US Secretary of State Hillary Clinton spoke that day of international action beyond a no-fly zone, including measures “to enable the protection of Libyan citizens against their own leader.”

Meanwhile, rebel leaders continued to insist they could fight off Qaddafi’s better equipped and organized forces. Rebel military spokesman Khaled el-Sayeh insisted Adjabiya would not fall.

But the next day, Ajdabiya was surrounded and besieged, Qaddafi’s forces active in the city. Qaddafi’s son and regime spokesman Saif Islam was boasting that the rebellion would soon be crushed.
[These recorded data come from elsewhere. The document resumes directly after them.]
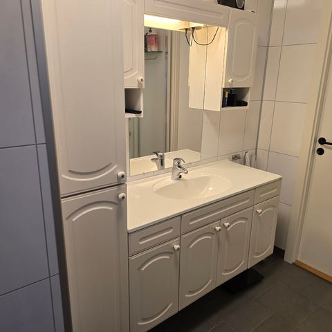 Baderomsmøbler med servant og berøringsfritt Blandebatteri: Benkeplate 215 cm innredning 130 cm
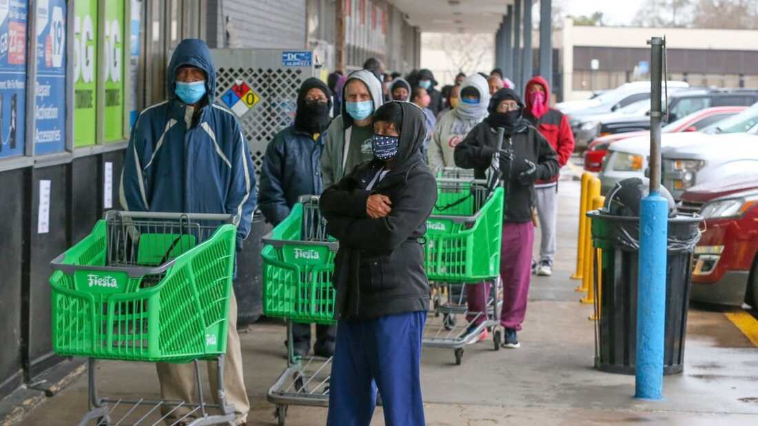 Customers wait in line to enter Frontier Fiesta in Houston, Texas. A winter storm has caused power outages and water disruptions for many people in Texas and the surrounding area. THOMAS SHEA/AFP via Getty Images hide caption
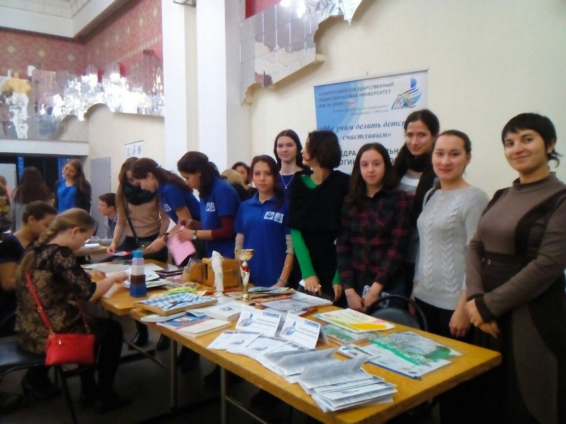 5 декабря 2016 г. Институт семьи и детства БГПУ им. М. Акмуллы (под руководством директора Института педагогики, профессора Исламовой З.И. и доц. Хайртдиновой Л.Ф.) провел благотворительное мероприятие, посвященное Международному Дню инвалида в Городском дворце культуры г. Уфы. Организаторами мероприятия выступили: Уфимская городская Организация инвалидов «МИР», Институт семьи и детства БГПУ им. М. Акмуллы. Цель мероприятия: организация досуга инвалидов, привлечение внимания общественности к проблемам инвалидов, знакомство с творчеством и произведениями народного промысла людей с инвалидностью, презентация социально-образовательных и оздоровительных услуг, предоставляемых Институтом семьи и детства БГПУ им. Акмуллы для людей с ограниченными возможностями здоровья и их семьям. Студенты 1, 2 курсов ППО ДО и преподавательский состав кафедры дошкольной педагогики и психологии Института педагогики (зав.каф., к.п.н., доц. Боронилова И.Г., к.п.н., доц. Шабаева Г.Ф., ст. преп. Валеева Л.Ю.), а так же заведующая МАДОУ № 162, супервизор-консультант, магистр психолого-gедагогического образования Танюкевич А.В. приняли активное участие в работе интерактивных площадок.
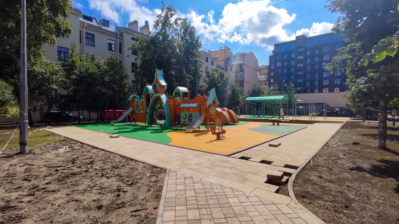 благоустройство детская площадка детские развлечения детский отдых детский досуг детское оборудование игровая зона игровое оборудование игровая площадка игровой комплекс развлечение физическая активность город двор детская инфраструктура городская среда резиновое покрытие безопасное покрытие детская горка лестница деревянная конструкция крепость лавочка урна ограждение спортивная площадка турник фонарь многоэтажный дом жилой квартал лето дневной свет отдых дети активные игры семейный отдых безопасностьПохожие фотографии
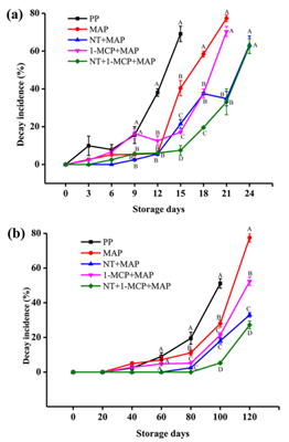 Fig.1 Decay incidence of the PP (PP box-packed), MAP (MA-packed), NT+MAP(MA-packed after NT treatment),1-MCP+MAP (MA-packed after 1-MCP treatment), and NT+1-MCP+MAP (MA-packed after1-MCP and NT treatment) plums stored at 25 ℃ (a) and 4 ℃ (b).
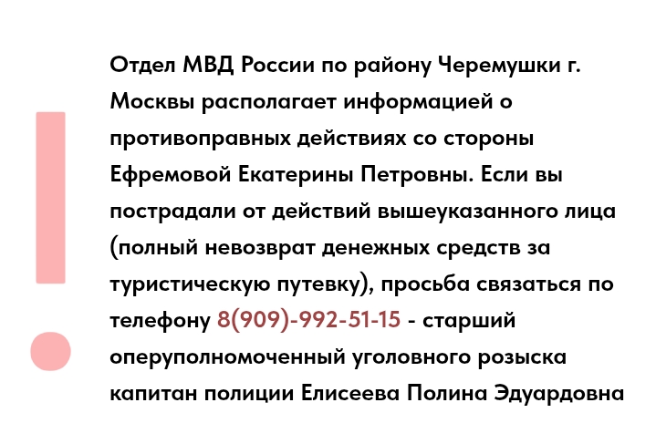 Все кого она кинула звоните срочно следователю по скриншоту ниже. Люди так же вступайте в группу ват сап. Знакомьтесь с другими потерпевшими. Давайте все вместе привлечет Ефремову к реальному уголовному заключению за все ее мошенничество.
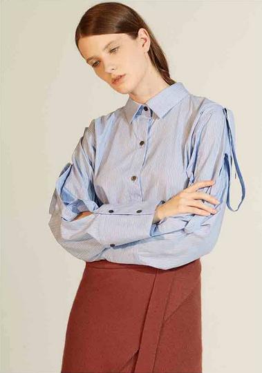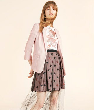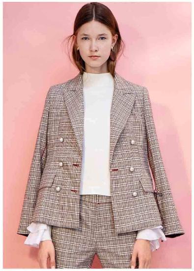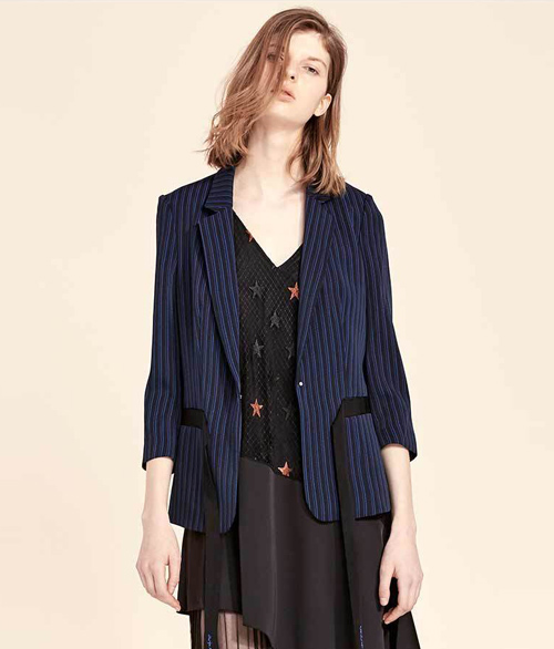 西裝纖細的豎條紋低調不張揚,散發柔和的質感,利落七分袖設計自帶氣場,塑造干練的職場女性范兒
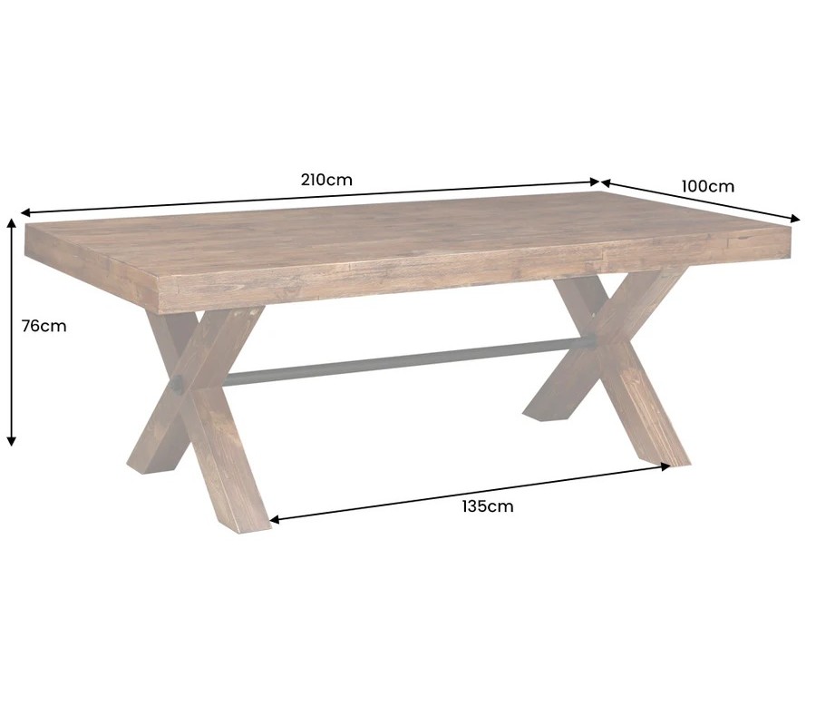 Stôl má obdĺžnikovú vrchnú dosku, ktorá pôsobí mohutným dojmom a s dĺžkou 210 cm poskytne miesto pre 6 až 8 osôb. Je položená na dvoch nohách v tvare X. Sú tvorené dvomi prekríženými hranolmi a ich stredy navzájom prepája lineárna valcovitá výstuha.

On March 17, rebel forces were pushed back to the outskirts of Benghazi. During the day, Qaddafi promised “no mercy” for the rebels inside Libya’s second largest city and felt confident enough to bring down foreign reporters from Tripoli to Ajdabiya, to show his progress in retaking the east. The reporters saw tanks, grad rocket launchers, and fuel tankers massing, all implying his pause at the Ajdabiya would not last for long.

That set the stage for the passage of UN Security Council Resolution 1973 at around midnight local time Thursday, which promised all measures to protect the city, and Libyan civilians more broadly.

On March 18, Qaddafi continued to pound holdouts in Ajdabiya with rocket fire – fleeing residents told of houses flattened and indiscriminate attacks.

The next day it was Benghazi’s turn, Qaddafi appearing to determined to eat up as much territory before international action began.

His ruined tanks and dead fighters on the city’s outskirts now indicate that final push was a failure.

What next?

It's difficult to predict what will happen next. Benghazi is secure for now, with Qaddafi having learned that his armor is completely naked to international airstrikes if he tries to move forward again. But the rebellions fighters are no better armed or organized than they were two days ago.

And Qaddafi himself is as defiant as ever. “We promise you a long war,” he said in a phone call to state television today.